Among the entries below, retype exactly the lines starting with the one with "délka 260cm, výška" and going on through the one with "(二)政务新媒体方面。部分政", but not the pictures.

GIVEN ENTRIES:
-=-=-

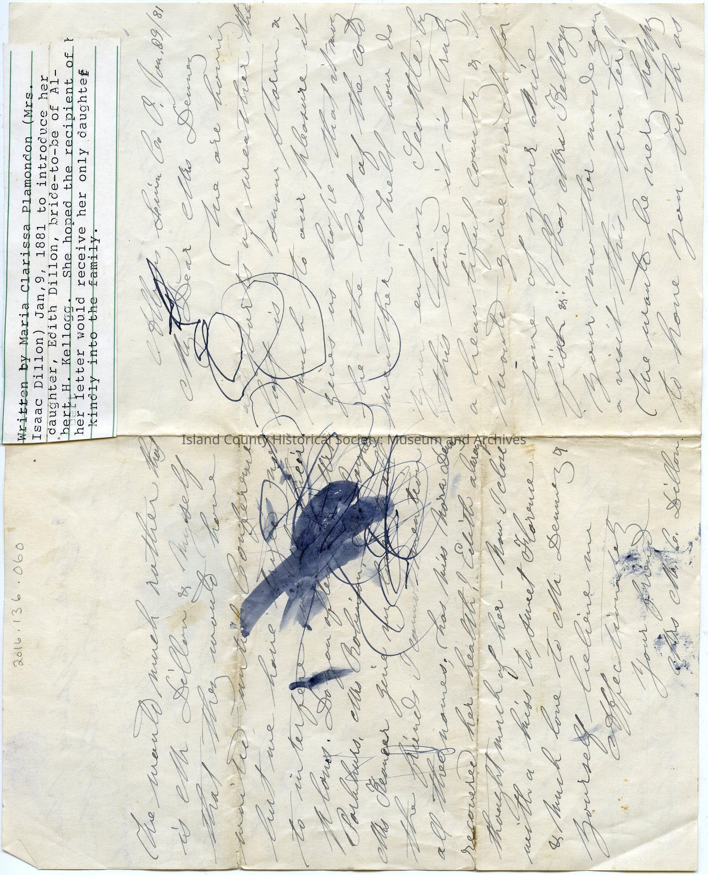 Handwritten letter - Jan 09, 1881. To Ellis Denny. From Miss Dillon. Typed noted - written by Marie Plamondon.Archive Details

-=-=-

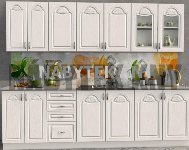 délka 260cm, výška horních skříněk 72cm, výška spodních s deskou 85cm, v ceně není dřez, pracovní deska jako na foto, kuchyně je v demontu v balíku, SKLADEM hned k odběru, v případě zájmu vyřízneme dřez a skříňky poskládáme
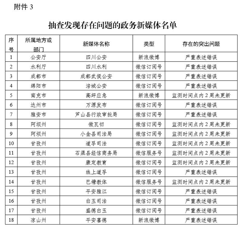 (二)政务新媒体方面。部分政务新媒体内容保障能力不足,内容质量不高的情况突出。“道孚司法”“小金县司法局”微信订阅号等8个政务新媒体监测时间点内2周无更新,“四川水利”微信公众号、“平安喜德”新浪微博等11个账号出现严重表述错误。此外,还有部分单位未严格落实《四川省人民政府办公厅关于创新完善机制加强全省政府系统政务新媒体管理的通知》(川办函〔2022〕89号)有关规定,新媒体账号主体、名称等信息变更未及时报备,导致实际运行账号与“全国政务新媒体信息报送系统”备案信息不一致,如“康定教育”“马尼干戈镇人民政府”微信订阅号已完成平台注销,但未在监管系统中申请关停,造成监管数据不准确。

-=-=-

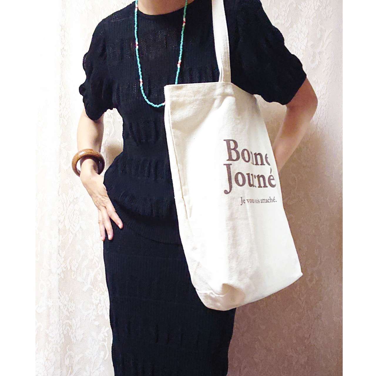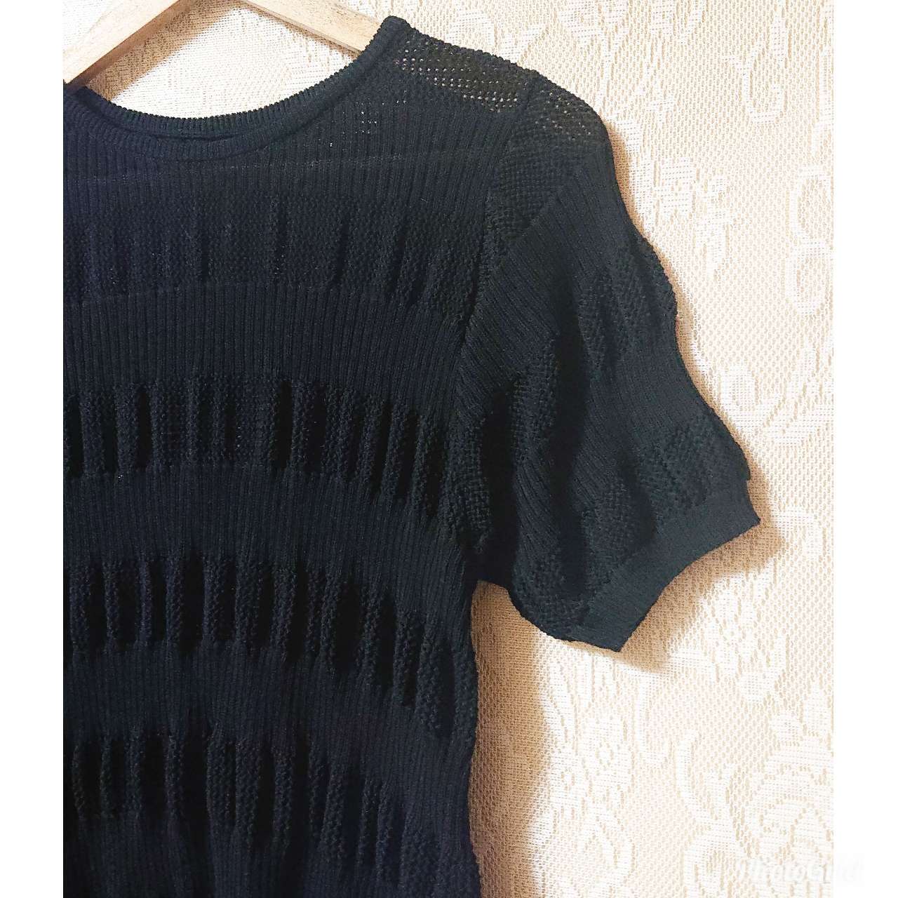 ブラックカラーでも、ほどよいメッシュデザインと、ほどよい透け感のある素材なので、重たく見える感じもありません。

-=-=-

RESPONSE AREA:
 délka 260cm, výška horních skříněk 72cm, výška spodních s deskou 85cm, v ceně není dřez, pracovní deska jako na foto, kuchyně je v demontu v balíku, SKLADEM hned k odběru, v případě zájmu vyřízneme dřez a skříňky poskládáme
 (二)政务新媒体方面。部分政务新媒体内容保障能力不足,内容质量不高的情况突出。“道孚司法”“小金县司法局”微信订阅号等8个政务新媒体监测时间点内2周无更新,“四川水利”微信公众号、“平安喜德”新浪微博等11个账号出现严重表述错误。此外,还有部分单位未严格落实《四川省人民政府办公厅关于创新完善机制加强全省政府系统政务新媒体管理的通知》(川办函〔2022〕89号)有关规定,新媒体账号主体、名称等信息变更未及时报备,导致实际运行账号与“全国政务新媒体信息报送系统”备案信息不一致,如“康定教育”“马尼干戈镇人民政府”微信订阅号已完成平台注销,但未在监管系统中申请关停,造成监管数据不准确。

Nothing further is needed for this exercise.